Task description >> After locating the line with "Andrzej Marczewski tin" in the entries below, output it and each following line up to and including the line with "Cara Este del", exactly and without pictures.
*** Data for processing Section Begins ***
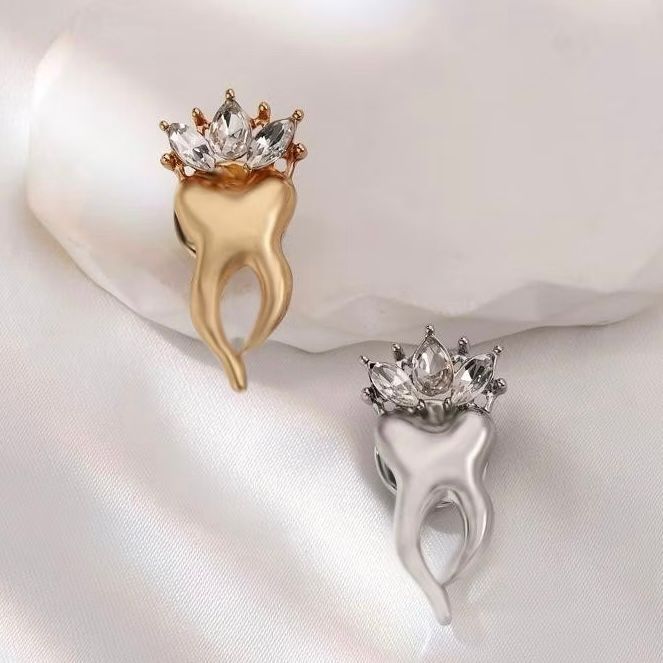 Broche Dentinho Dourado – 2 Modelos Disponíveis 🦷 Broche em formato de dentinho, perfeito para dentistas que desejam adicionar um toque elegante ao jaleco ou uniforme. ✨ Modelos disponíveis: 1. Dourado. Acabamento liso e brilhante. 2. Dourado ou Prata Diamante, com aplicação de strass, trazendo um charme extra ao visual. 🔒 Fechamento: Alfinete com fecho de segurança. 📏 Tamanho: Aproximadamente 3 cm de altura x 1,8 cm de largura. 🎨 Cor: Dourada. 💎 Material: Metal com acabamento premium. 💰 Valor referente à unidade. Ideal para destacar sua paixão pela odontologia com estilo no dia a dia clínico!
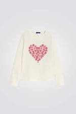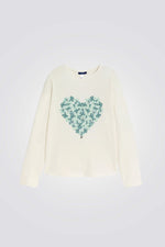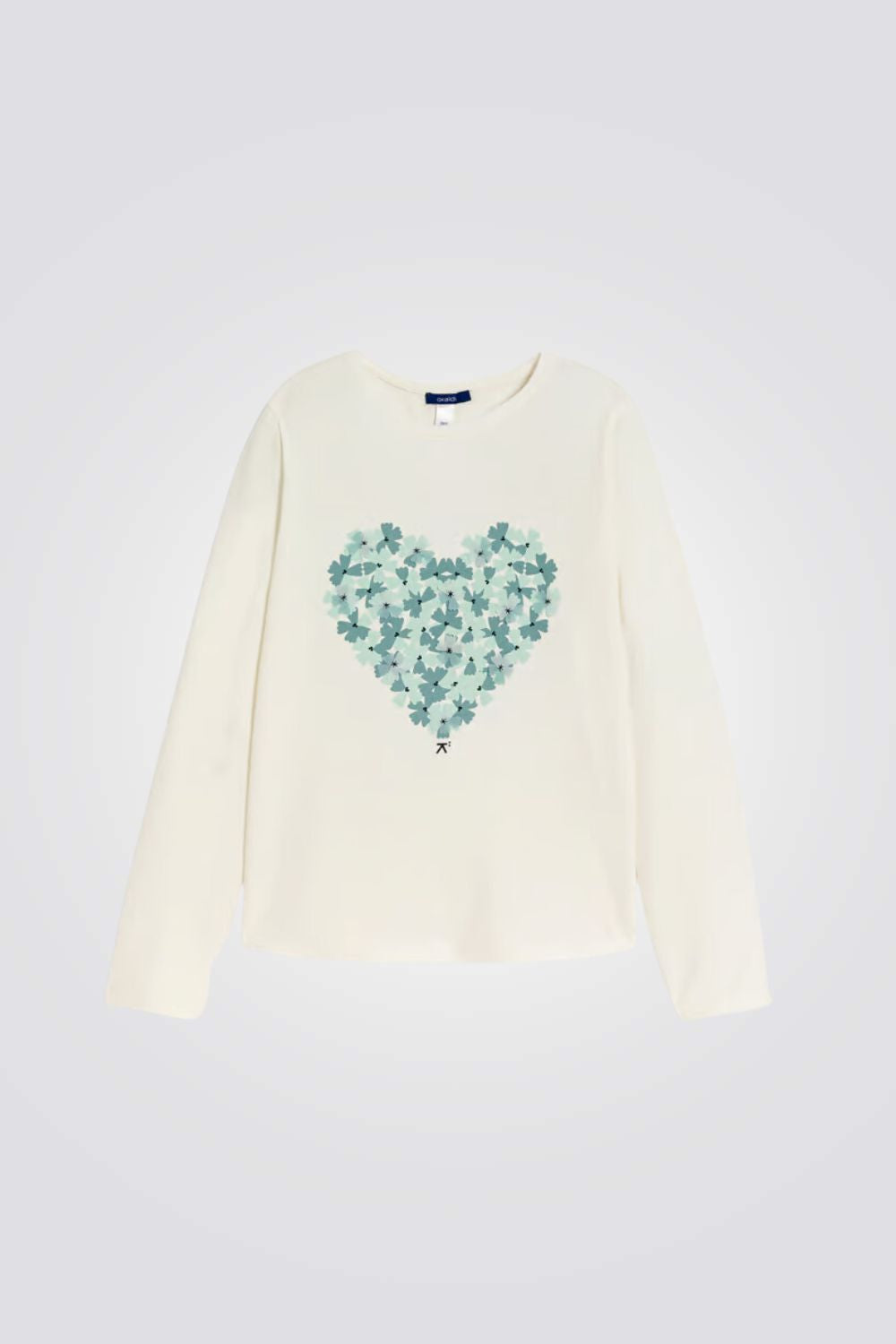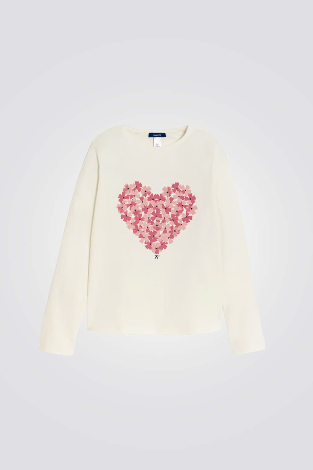 טישירט ללדות מבית המותג OKAIDI, בצבע לבן עם שרוולים ארוכים והדפס של לב, נעימה וקלילה עם צווארון עגול.
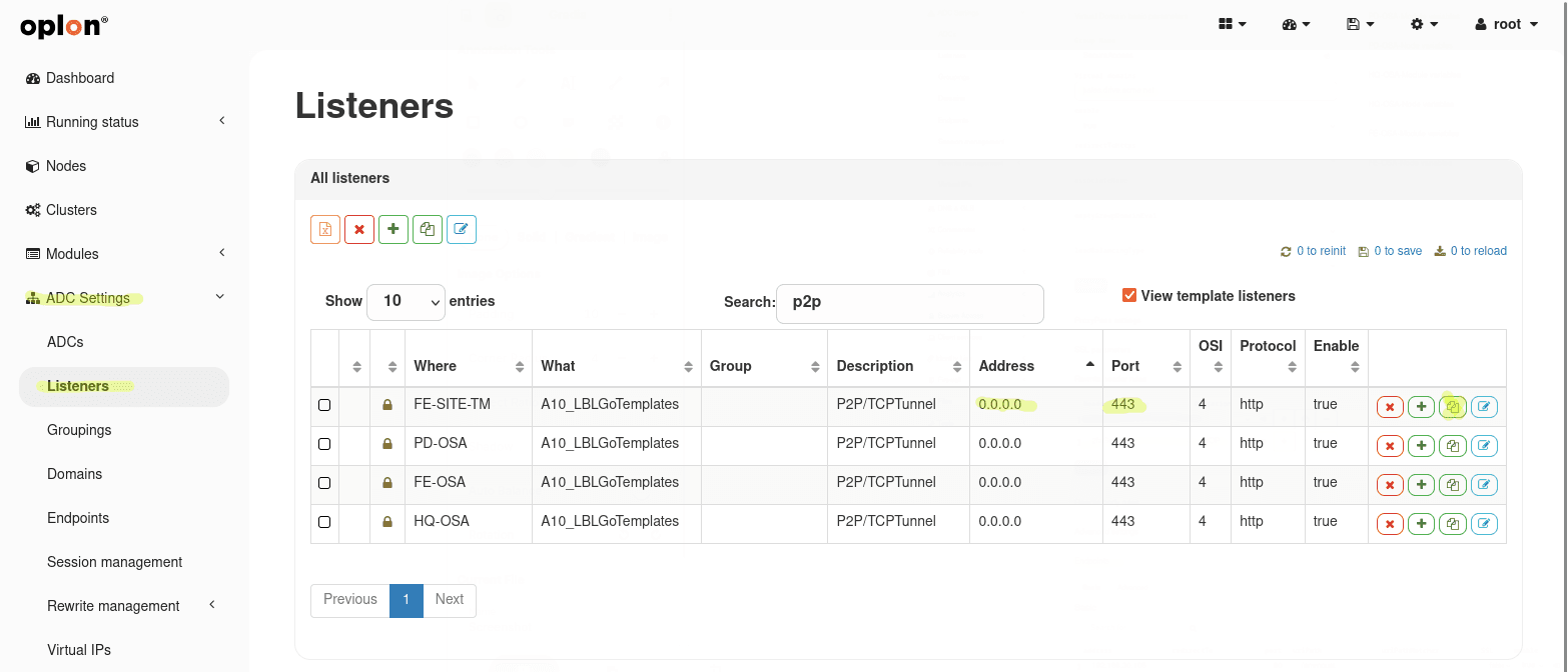 - Go to ADC Settings > Listeners and enable “View Template Listners”.
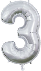Folien Ballon in Form der Zahl 3 in Silber - Medium 66 cm
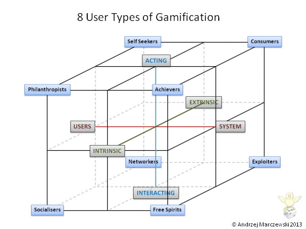 Andrzej Marczewski tin rằng chúng ta nên lùi lại và nhìn nhận với hai kiểu người chơi cơ bản, là những người “sẵn sàng” chơi và những người “không sẵn sàng” chơi. Theo Andrzej, những người “sẵn sàng” có thể tham gia vào trò chơi với những yếu tố ngoại sinh như huy hiệu và danh hiệu. Nhiều người có thể không quan tâm, nhưng nếu hệ thống được thiết kế để thu hút họ thì họ vẫn sẽ tham gia như thường.
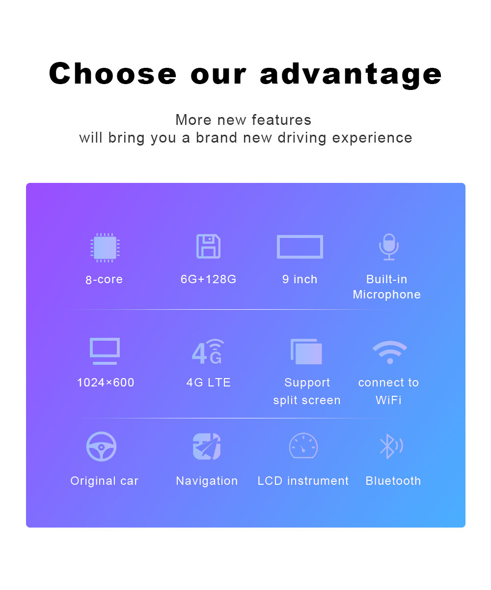 1. Be compatible with cars with original screen 2.0/4.3/6.5/7.0/8.0/8.4 inch.
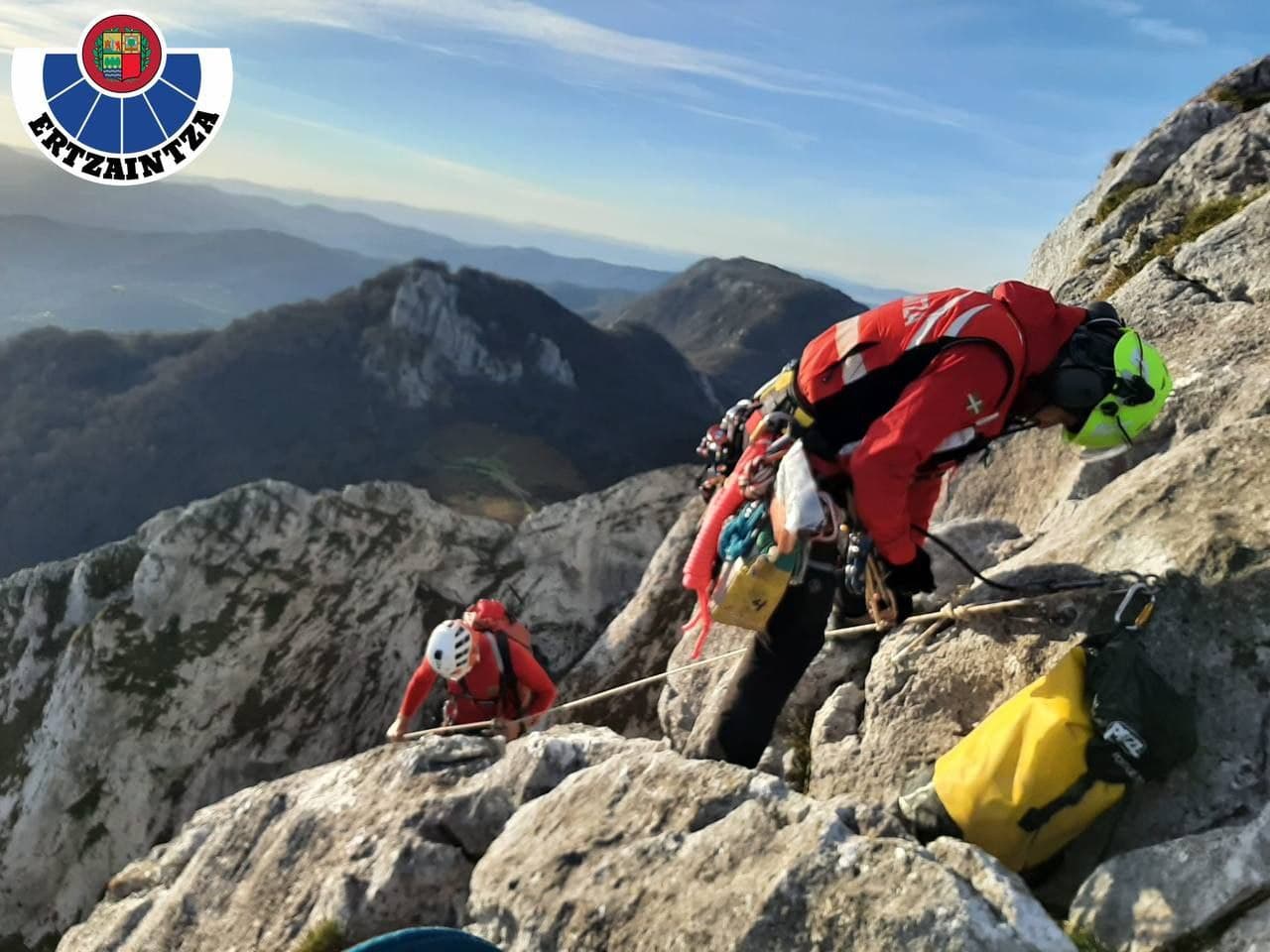 Cara Este del Anboto. Rescate de escalador en solitario, que ha quedado bloqueado en la R5 de la vía Zurdaia. Accedemos hasta él y rapelamos hasta el suelo. Sano y salvo.#uvr pic.twitter.com/ro8TyJiivF
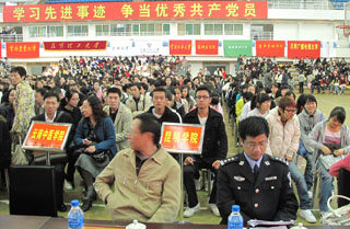 | 10月22日(星期五)上午,我院40名党员师生参加了由中共云南省委高校工委组织的“云岭先锋 创先争优——优秀共产党员”事迹巡回报告会。全院21个教学院系党总支、1个市级党的基层组织建设示范点、8个院级创先争优活动示范点创建单位的部分中层干部、师生党员代表及我院组织、宣传、统战、纪委、党校、工会、团委、学生处、创先办等部门负责人和职工代表参加了报告会。
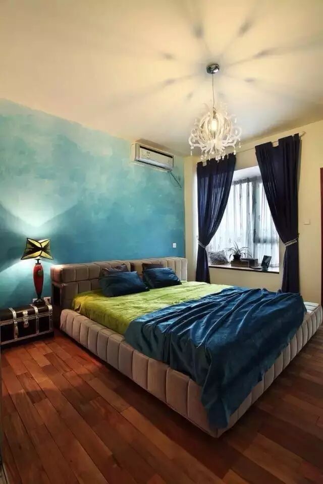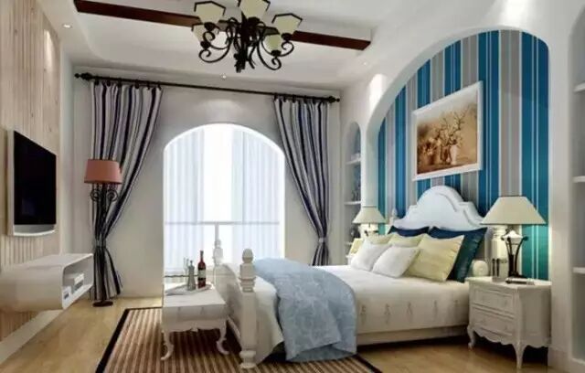 卧室里是地中海风格,窗帘肯定也选择地中海风格来好啊。明亮的蓝在卧室里就不适合了,这种暗色蓝却是不错的,也能增加你想睡觉的欲望。
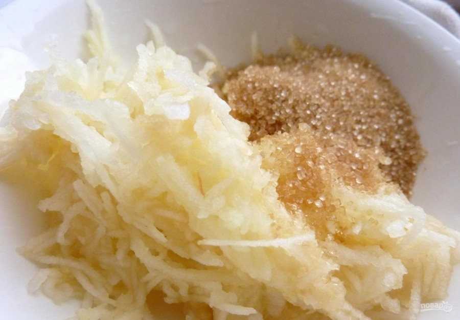 12. Яблоко мою и разрезаю, вычищаю семечки и снимаю кожуру, измельчаю его на мелкой терке, добавляю к нему сахар и перемешиваю.
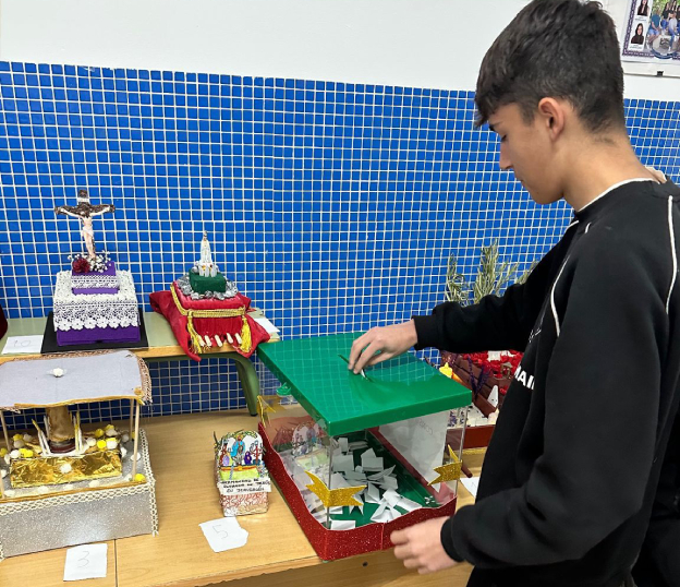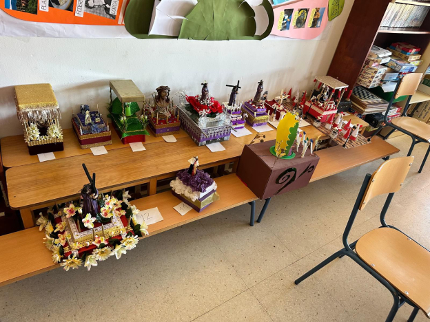 La propuesta consistía en que los alumnos elaboraran en casa, junto a sus familiares, pequeñas representaciones de pasos procesionales o escenas relacionadas con la Semana Santa. Aprovechando los días del puente, muchas familias se implicaron en esta actividad, convirtiéndola en una excelente oportunidad para compartir tiempo juntos y conocer mejor el significado de estas celebraciones.
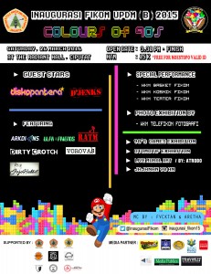 Acara persembahan dari mahasiswa baru Fikom UPDM(B) angkatan 2015 ini mengusung tema ‘THE SPIRIT OF 90’S ERA’ yang diartikan sebagai semangat positif dari pemuda tahun 90-an. Lalu dengan judul acara ‘COLOURS OF 90’S’ angkatan 2015 kali ini berharap Inaugurasi Fikom 2015 akan menjadi tempat berkumpulnya keluarga besar FIKOM UPDM(B) di umur yang ke-51 tahun.
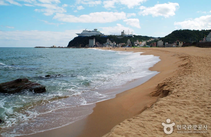 동해안 최대 해변으로 유명하며, 강문동, 안현동에 있고 시내에서 북으로 6km, 경포대에서 1km되는 곳에 동해의 창파를 가득 담고 펼쳐진 명사오리(明沙五里)이다. 모두를 삼키기라도 하려는 듯 밀려오는 파도, 이를 쓸어 안은 길이1.8km, 면적1.44㎢의 하얀 모래밭과, 시끄러운 일상을 조용히 차단하는 울창한 송림병풍의 조화가 해변 특유의 아름다움을 자아낸다. (자료출처 : 대한민국 구석구석 - korean.visitkorea.or.kr)
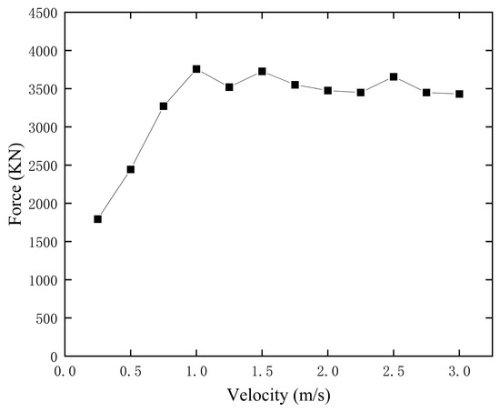 Figure 6 shows the maximum ice force applied to the bridge abutment at different ice velocities. As shown in the figure, the extreme value of the ice load increases significantly with the increase in velocity, and the ice load reaches the maximum value when the river ice velocity is 1 m/s. As the velocity continues to increase, the ice load’s extreme value eventually remains stable.
*** Data for processing Section Ends ***
Written reply >>
 Andrzej Marczewski tin rằng chúng ta nên lùi lại và nhìn nhận với hai kiểu người chơi cơ bản, là những người “sẵn sàng” chơi và những người “không sẵn sàng” chơi. Theo Andrzej, những người “sẵn sàng” có thể tham gia vào trò chơi với những yếu tố ngoại sinh như huy hiệu và danh hiệu. Nhiều người có thể không quan tâm, nhưng nếu hệ thống được thiết kế để thu hút họ thì họ vẫn sẽ tham gia như thường.
 1. Be compatible with cars with original screen 2.0/4.3/6.5/7.0/8.0/8.4 inch.
 Cara Este del Anboto. Rescate de escalador en solitario, que ha quedado bloqueado en la R5 de la vía Zurdaia. Accedemos hasta él y rapelamos hasta el suelo. Sano y salvo.#uvr pic.twitter.com/ro8TyJiivF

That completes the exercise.